All images: ©Conquista
In at least one sense, this is the single best time to photograph the peloton. This is the high point and the focus of their year, the moment they have been training for and looking forward to since the winter. So the likes of Dan Martin, Bauke Mollema and Wilko Kelderman look lean and muscular, clearly at their peak. It is also the main focus of the teams and their sponsors, so in addition to being in top form, the riders will never be better organised, dressed, and equipped than today. This is when it becomes clear that, however much you love Paris-Roubaix, Flanders, the Giro, the Vuelta, or any other event in cycling’s calendar, the Tour simply puts them all in the shade.

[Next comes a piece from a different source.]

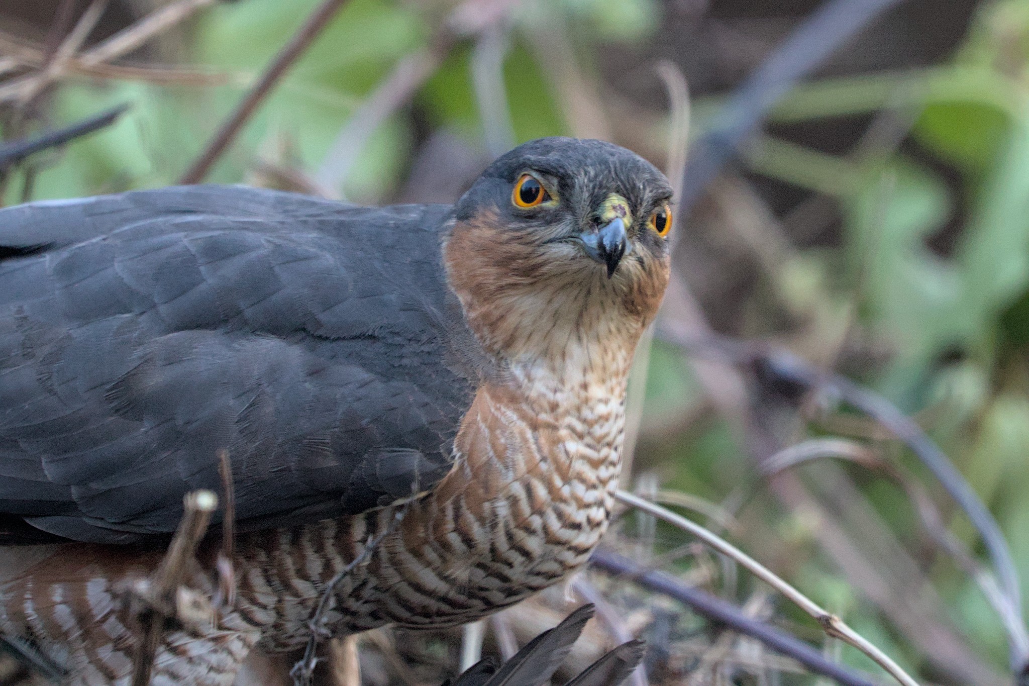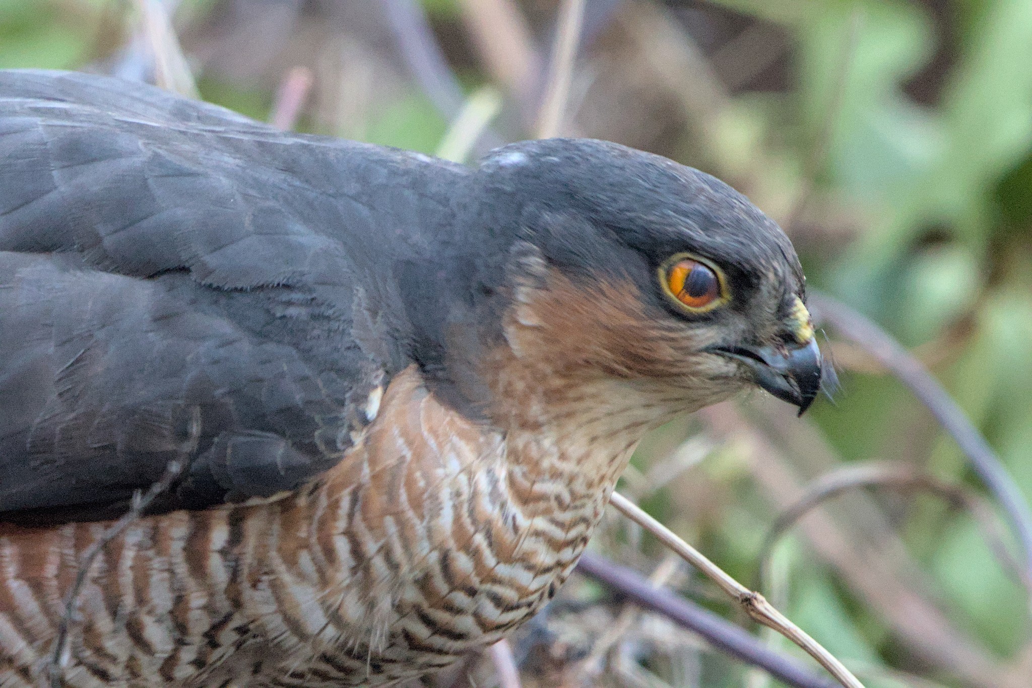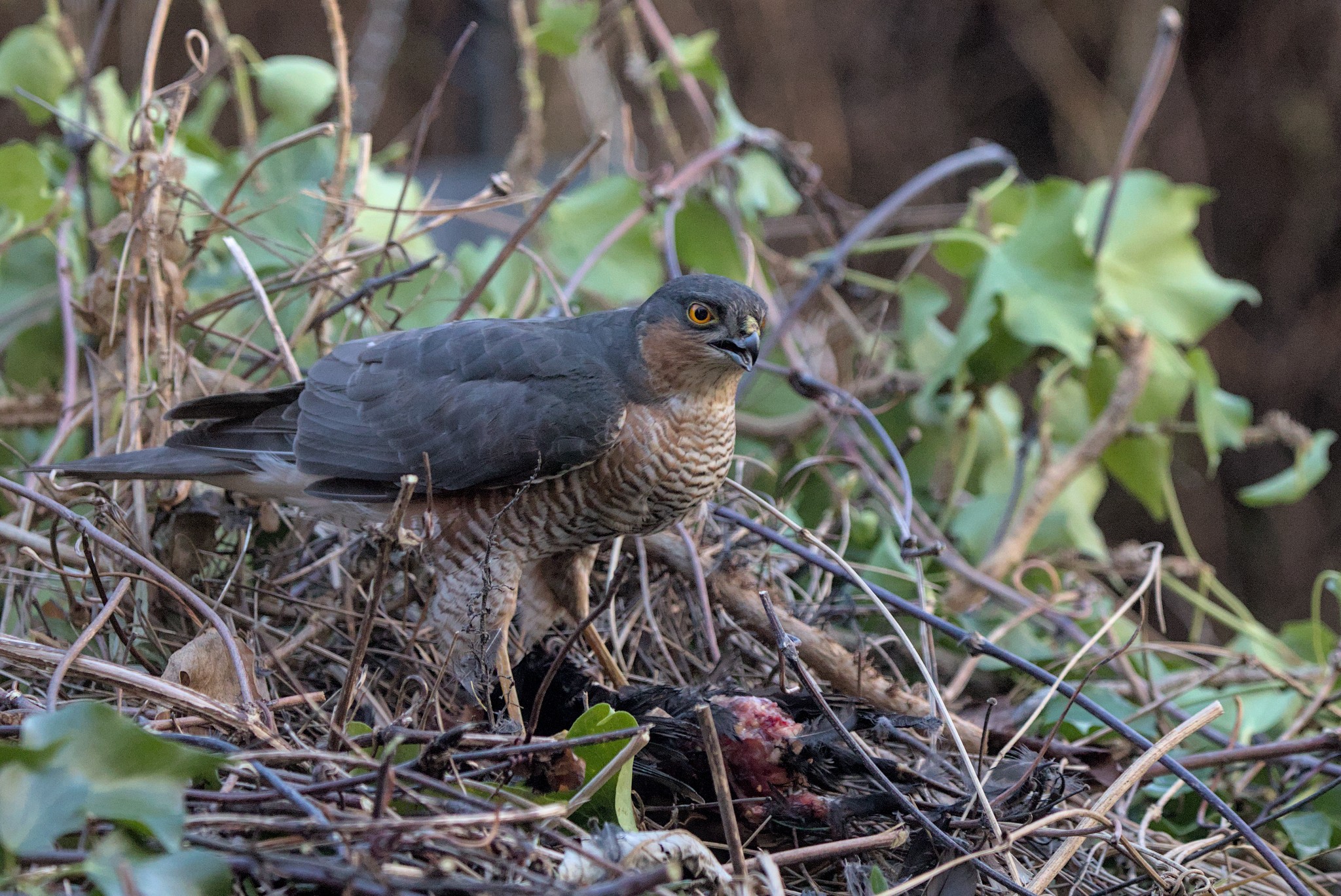 I have been doing some long overdue pruning in our garden and now have a 4 foot high mountain of stuff to get rid of. I say pruning because if it is done properly the plants get healthier, ours might not survive. I did wonder if any animals would hide in the mountain but I was a little surprised to see a black and red patch on the top of it today. It didn’t look like vegetation so I went and had a closer look. It turned out to be a rather bloody Blackbird corpse. I left it there and was rewarded within minutes with a Sparrowhawk coming in to feed.

And of course, the riders are excited, like all of us. This is their Cup Final, Wimbledon, Lord’s Test, Superbowl and World Series, all rolled into one. The new riders, like Fortuneo – Vital Concept’s British sprinter Dan McLay, are awestruck but smiling. The old hands, like Team Dimension Data’s Steve Cummings, Mark Renshaw and Bernie Eisel, cope smoothly with the crowds and the media attention, but also have a childlike excitement written all over their faces.
There are exceptions. The leading GC contenders keep a low profile, saving energy for the unique, 3,500km-long race they are about to undertake. A windy day is forecast, which could mean meaningful splits in the peloton – on just such a day early in last year’s race, Nairo Quintana lost almost 90 seconds to Chris Froome, but was only 72 seconds behind in Paris.
And the elite sprinters, Cavendish, Kittel and Greipel, who know that a victory today will mean wearing the yellow jersey tomorrow, are unsmiling. Bernie Eisel never leaves Cav’s side, even as they face the press and ride to sign on together. There is a deep seriousness at the heart of the carnival.
This is it: this is the Tour.
Of course, it is the caravan that gets things underway. You will have heard stories of the train of commercial vehicles that precede the Tour, their occupants heralding the imminent arrival of the peloton by hurling plastic tat and junk food at the roadside spectators (this year the organisers estimate the total number of promotional missiles at a staggering fourteen million).
But words cannot express the sheer plastic, technicolour awfulness of it. Photographs, too, are inadequate: no picture can capture the impact of all 150-plus vehicles, each more hideous and bizarre than the last, as they rumble by. Here, a phalanx of women dressed as bags of bright yellow pommes-frites. There, a man in a swing, somehow representing – I think – insurance products (he is wearing a harness, which may be a clue). Behind him, a flat, blue, open-top platform on wheels, perhaps ten metres long, which transports nothing but several gurning out-of-work actors and a pair of spectacles the size of a house. Most oddly, among the tablecloth-patterned 2CVs, towering Haribo packets, gyrating plastic cattle and ingeniously anthropomorphised salty snacks there is a simple rectangular box on wheels, with ever-changing abstract symbols on its digital display, and bearing the single word “L’OPTIMISME”. What does it mean? It means it’s the Tour. What more does it need to mean?
And the assault on the senses does not stop at the visual. It seems every second vehicle hosts a commentator with a PA, an audience of millions, and therefore the chance of a lifetime. One truck has a team of cheerleaders, who will be as fit as the riders if they keep pummelling the pom-poms for the full three weeks and 3,500km. Others, advertising mineral water, unexpectedly deliver their “sample” in the form of a misty spray, drenching onlookers – welcome, perhaps, on a hot afternoon on a sun-baked Alp, but not so much on this brisk seaside morning.
A six-foot plastic chicken slowly pedals a bicycle mounted on the roof of a white Peugeot. As it passes, one spectator turns to another, shaking his head and smiling knowingly. “Hey – what’s wrong with this picture?” he asks, pointing.
The other frowns, confused. What answer can he possibly give? He looks again at the chicken, which grins glassily as it pedals away. He shrugs.
The first smiles knowingly. “Look – it’s pedalling, and the back wheel is going round, but the front wheel isn’t turning. That’s wrong.” The second man looks again at the chicken for a few seconds. He raises his eyebrows as a thought strikes him. “Maybe it’s on the turbo?” he says.
A recent survey suggested that 47% of the Tour’s roadside spectators come primarily to see the caravan.